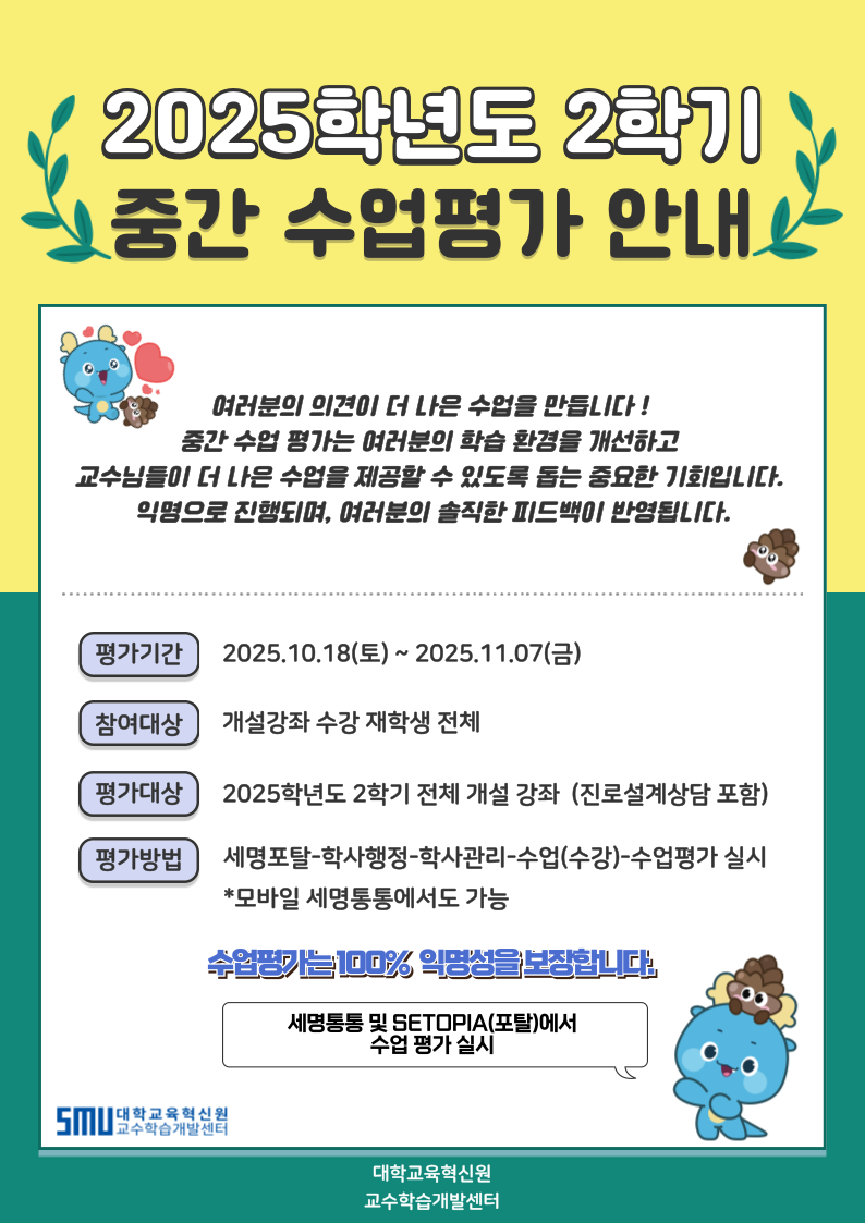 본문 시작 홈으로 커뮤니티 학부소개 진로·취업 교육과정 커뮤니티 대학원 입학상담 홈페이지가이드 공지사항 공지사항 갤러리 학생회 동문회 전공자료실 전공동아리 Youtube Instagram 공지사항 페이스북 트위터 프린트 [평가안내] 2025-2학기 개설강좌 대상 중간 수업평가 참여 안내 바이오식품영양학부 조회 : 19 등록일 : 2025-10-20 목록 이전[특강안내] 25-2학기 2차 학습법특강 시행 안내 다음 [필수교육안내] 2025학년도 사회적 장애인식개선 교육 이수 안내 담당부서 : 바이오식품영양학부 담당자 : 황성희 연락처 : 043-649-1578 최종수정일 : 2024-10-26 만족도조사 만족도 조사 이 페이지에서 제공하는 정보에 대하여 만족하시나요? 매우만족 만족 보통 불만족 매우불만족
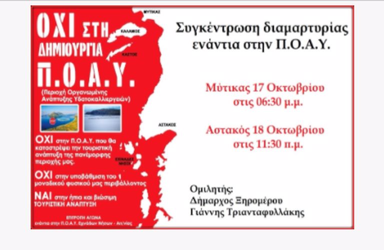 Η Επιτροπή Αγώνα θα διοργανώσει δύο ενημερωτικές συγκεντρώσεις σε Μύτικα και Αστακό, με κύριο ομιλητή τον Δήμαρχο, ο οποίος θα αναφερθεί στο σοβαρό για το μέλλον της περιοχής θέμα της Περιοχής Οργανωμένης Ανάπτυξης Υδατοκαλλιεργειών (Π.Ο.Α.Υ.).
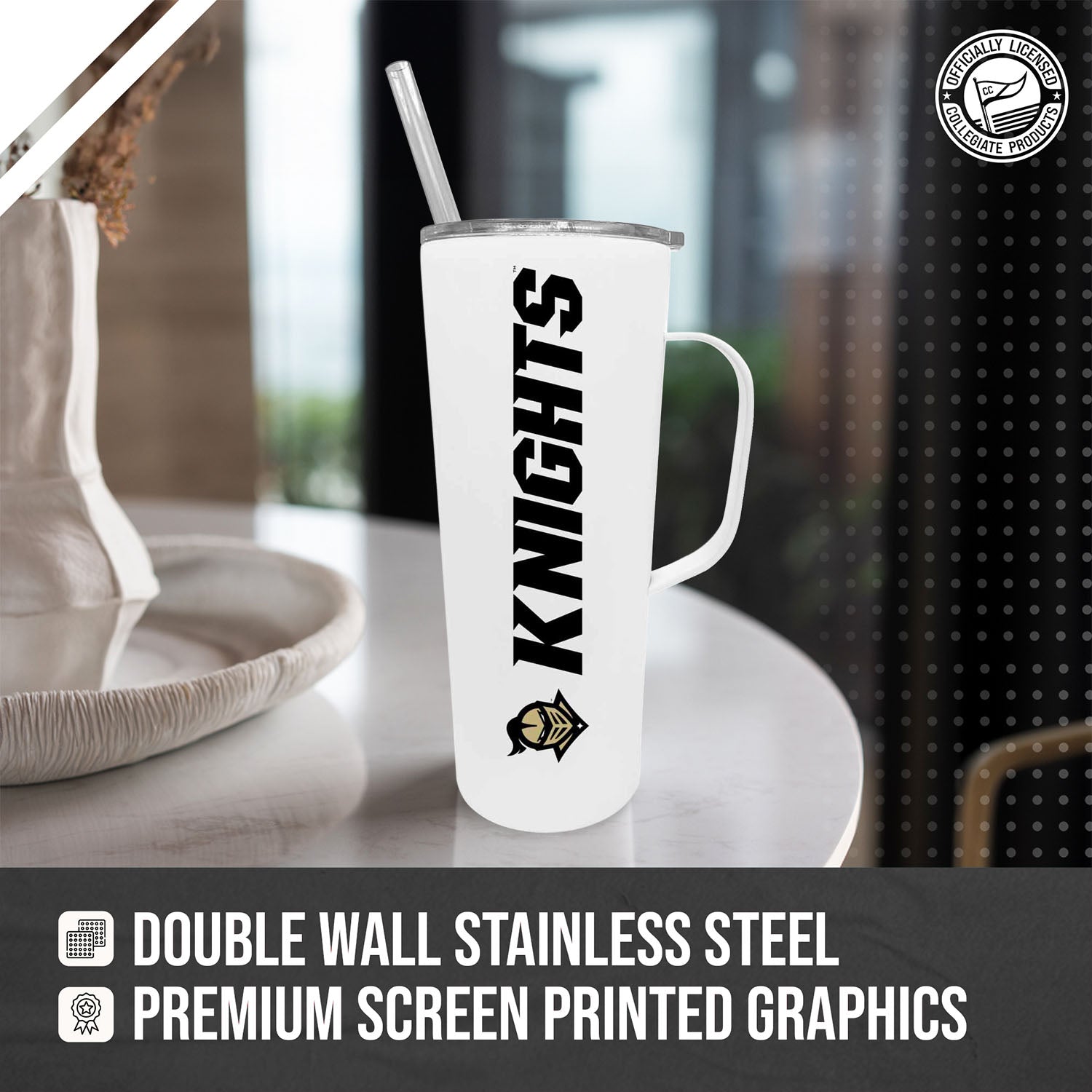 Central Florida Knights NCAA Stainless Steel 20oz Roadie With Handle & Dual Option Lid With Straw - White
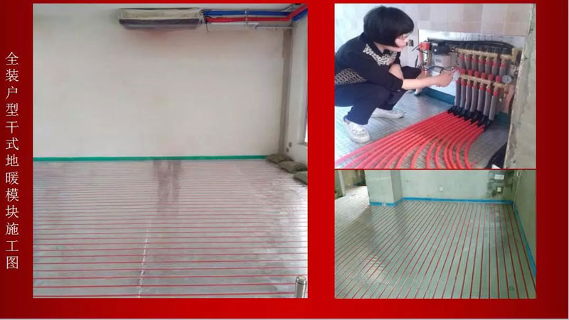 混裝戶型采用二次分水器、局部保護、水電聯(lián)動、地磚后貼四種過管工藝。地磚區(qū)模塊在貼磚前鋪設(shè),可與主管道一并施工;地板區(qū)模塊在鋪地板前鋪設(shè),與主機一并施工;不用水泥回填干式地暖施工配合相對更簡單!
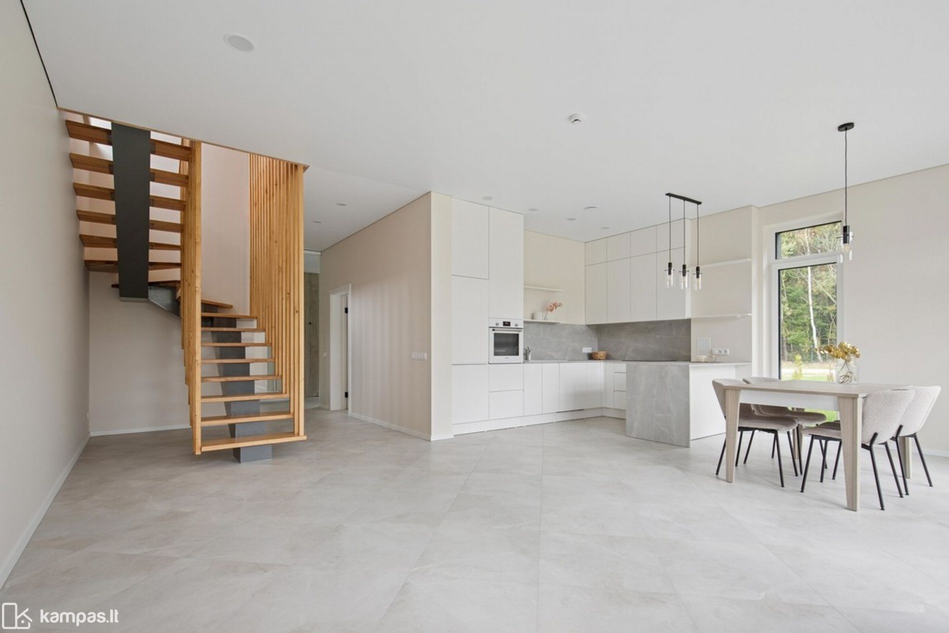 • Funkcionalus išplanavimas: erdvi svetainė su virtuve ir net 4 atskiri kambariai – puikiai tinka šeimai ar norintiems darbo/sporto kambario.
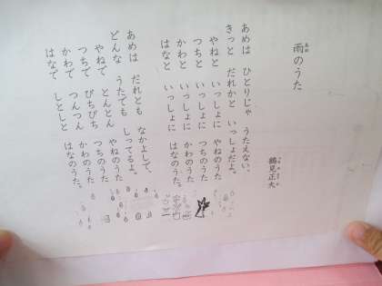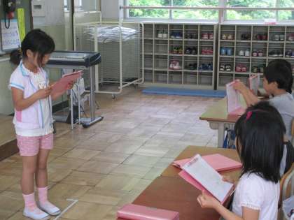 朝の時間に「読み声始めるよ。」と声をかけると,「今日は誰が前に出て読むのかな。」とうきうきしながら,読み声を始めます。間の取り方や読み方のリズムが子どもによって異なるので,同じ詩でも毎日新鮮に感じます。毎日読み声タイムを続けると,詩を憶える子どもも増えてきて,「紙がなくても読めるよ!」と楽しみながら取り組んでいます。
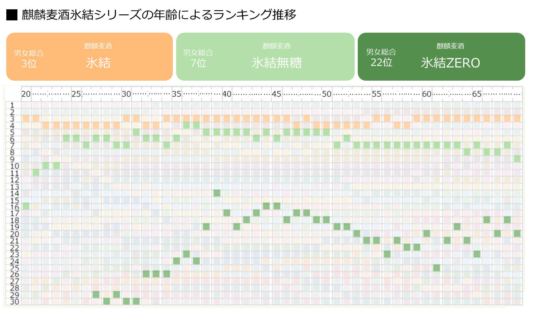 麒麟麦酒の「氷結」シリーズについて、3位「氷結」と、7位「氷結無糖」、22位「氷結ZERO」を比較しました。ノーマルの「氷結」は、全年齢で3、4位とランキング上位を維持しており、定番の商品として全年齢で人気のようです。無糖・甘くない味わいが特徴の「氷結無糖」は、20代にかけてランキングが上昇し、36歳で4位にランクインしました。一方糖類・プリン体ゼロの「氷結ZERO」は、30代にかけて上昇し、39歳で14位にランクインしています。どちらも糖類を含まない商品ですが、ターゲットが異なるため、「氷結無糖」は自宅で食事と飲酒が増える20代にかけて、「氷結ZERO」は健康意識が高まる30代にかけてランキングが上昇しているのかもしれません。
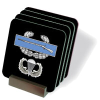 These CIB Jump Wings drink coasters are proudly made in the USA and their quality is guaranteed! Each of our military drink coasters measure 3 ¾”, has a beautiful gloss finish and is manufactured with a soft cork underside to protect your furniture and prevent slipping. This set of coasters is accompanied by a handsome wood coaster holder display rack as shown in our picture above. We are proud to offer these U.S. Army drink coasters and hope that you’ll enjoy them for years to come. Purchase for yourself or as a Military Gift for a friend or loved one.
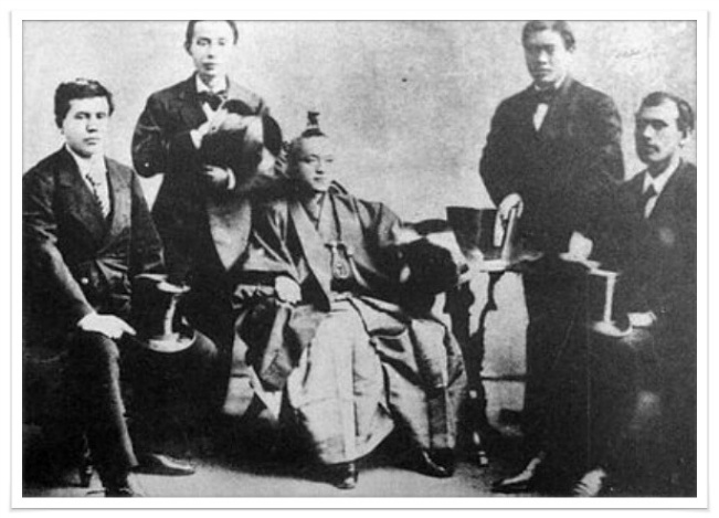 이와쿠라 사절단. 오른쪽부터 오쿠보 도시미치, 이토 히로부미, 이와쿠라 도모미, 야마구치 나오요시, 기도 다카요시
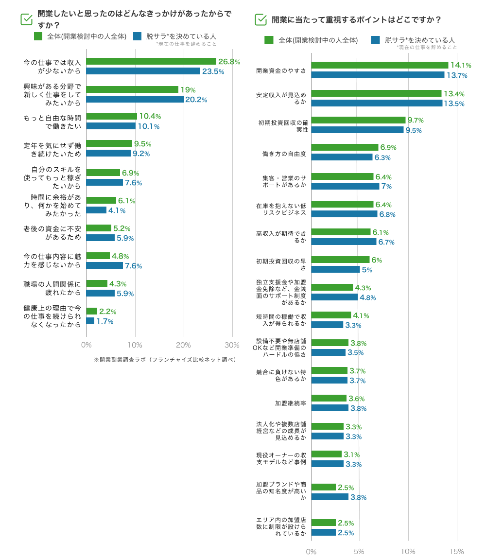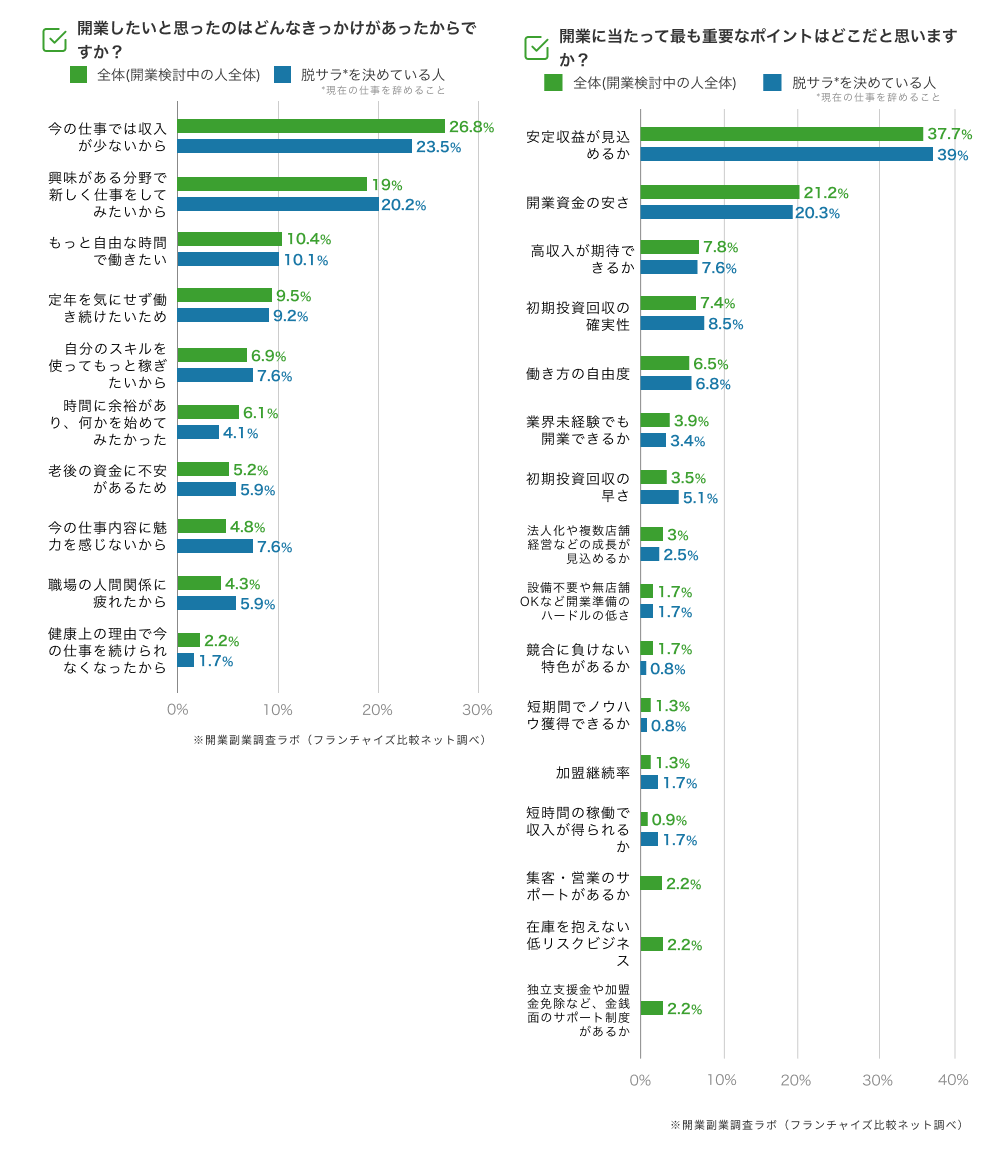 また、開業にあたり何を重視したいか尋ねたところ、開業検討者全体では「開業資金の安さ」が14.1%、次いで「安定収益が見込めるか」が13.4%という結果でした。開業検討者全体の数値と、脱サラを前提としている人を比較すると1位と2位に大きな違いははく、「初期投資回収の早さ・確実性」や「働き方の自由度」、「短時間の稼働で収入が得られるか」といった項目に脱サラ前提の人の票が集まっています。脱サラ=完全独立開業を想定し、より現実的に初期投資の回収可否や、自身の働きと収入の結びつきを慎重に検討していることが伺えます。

========================================================================

# EXERCISE BRIEF
Output the data verbatim, images excluded.

# TASK SOLUTION
 본문 시작 홈으로 커뮤니티 학부소개 진로·취업 교육과정 커뮤니티 대학원 입학상담 홈페이지가이드 공지사항 공지사항 갤러리 학생회 동문회 전공자료실 전공동아리 Youtube Instagram 공지사항 페이스북 트위터 프린트 [평가안내] 2025-2학기 개설강좌 대상 중간 수업평가 참여 안내 바이오식품영양학부 조회 : 19 등록일 : 2025-10-20 목록 이전[특강안내] 25-2학기 2차 학습법특강 시행 안내 다음 [필수교육안내] 2025학년도 사회적 장애인식개선 교육 이수 안내 담당부서 : 바이오식품영양학부 담당자 : 황성희 연락처 : 043-649-1578 최종수정일 : 2024-10-26 만족도조사 만족도 조사 이 페이지에서 제공하는 정보에 대하여 만족하시나요? 매우만족 만족 보통 불만족 매우불만족
 Η Επιτροπή Αγώνα θα διοργανώσει δύο ενημερωτικές συγκεντρώσεις σε Μύτικα και Αστακό, με κύριο ομιλητή τον Δήμαρχο, ο οποίος θα αναφερθεί στο σοβαρό για το μέλλον της περιοχής θέμα της Περιοχής Οργανωμένης Ανάπτυξης Υδατοκαλλιεργειών (Π.Ο.Α.Υ.).
 Central Florida Knights NCAA Stainless Steel 20oz Roadie With Handle & Dual Option Lid With Straw - White
 混裝戶型采用二次分水器、局部保護、水電聯(lián)動、地磚后貼四種過管工藝。地磚區(qū)模塊在貼磚前鋪設(shè),可與主管道一并施工;地板區(qū)模塊在鋪地板前鋪設(shè),與主機一并施工;不用水泥回填干式地暖施工配合相對更簡單!
 • Funkcionalus išplanavimas: erdvi svetainė su virtuve ir net 4 atskiri kambariai – puikiai tinka šeimai ar norintiems darbo/sporto kambario.
 朝の時間に「読み声始めるよ。」と声をかけると,「今日は誰が前に出て読むのかな。」とうきうきしながら,読み声を始めます。間の取り方や読み方のリズムが子どもによって異なるので,同じ詩でも毎日新鮮に感じます。毎日読み声タイムを続けると,詩を憶える子どもも増えてきて,「紙がなくても読めるよ!」と楽しみながら取り組んでいます。
 麒麟麦酒の「氷結」シリーズについて、3位「氷結」と、7位「氷結無糖」、22位「氷結ZERO」を比較しました。ノーマルの「氷結」は、全年齢で3、4位とランキング上位を維持しており、定番の商品として全年齢で人気のようです。無糖・甘くない味わいが特徴の「氷結無糖」は、20代にかけてランキングが上昇し、36歳で4位にランクインしました。一方糖類・プリン体ゼロの「氷結ZERO」は、30代にかけて上昇し、39歳で14位にランクインしています。どちらも糖類を含まない商品ですが、ターゲットが異なるため、「氷結無糖」は自宅で食事と飲酒が増える20代にかけて、「氷結ZERO」は健康意識が高まる30代にかけてランキングが上昇しているのかもしれません。
 These CIB Jump Wings drink coasters are proudly made in the USA and their quality is guaranteed! Each of our military drink coasters measure 3 ¾”, has a beautiful gloss finish and is manufactured with a soft cork underside to protect your furniture and prevent slipping. This set of coasters is accompanied by a handsome wood coaster holder display rack as shown in our picture above. We are proud to offer these U.S. Army drink coasters and hope that you’ll enjoy them for years to come. Purchase for yourself or as a Military Gift for a friend or loved one.
 이와쿠라 사절단. 오른쪽부터 오쿠보 도시미치, 이토 히로부미, 이와쿠라 도모미, 야마구치 나오요시, 기도 다카요시
 また、開業にあたり何を重視したいか尋ねたところ、開業検討者全体では「開業資金の安さ」が14.1%、次いで「安定収益が見込めるか」が13.4%という結果でした。開業検討者全体の数値と、脱サラを前提としている人を比較すると1位と2位に大きな違いははく、「初期投資回収の早さ・確実性」や「働き方の自由度」、「短時間の稼働で収入が得られるか」といった項目に脱サラ前提の人の票が集まっています。脱サラ=完全独立開業を想定し、より現実的に初期投資の回収可否や、自身の働きと収入の結びつきを慎重に検討していることが伺えます。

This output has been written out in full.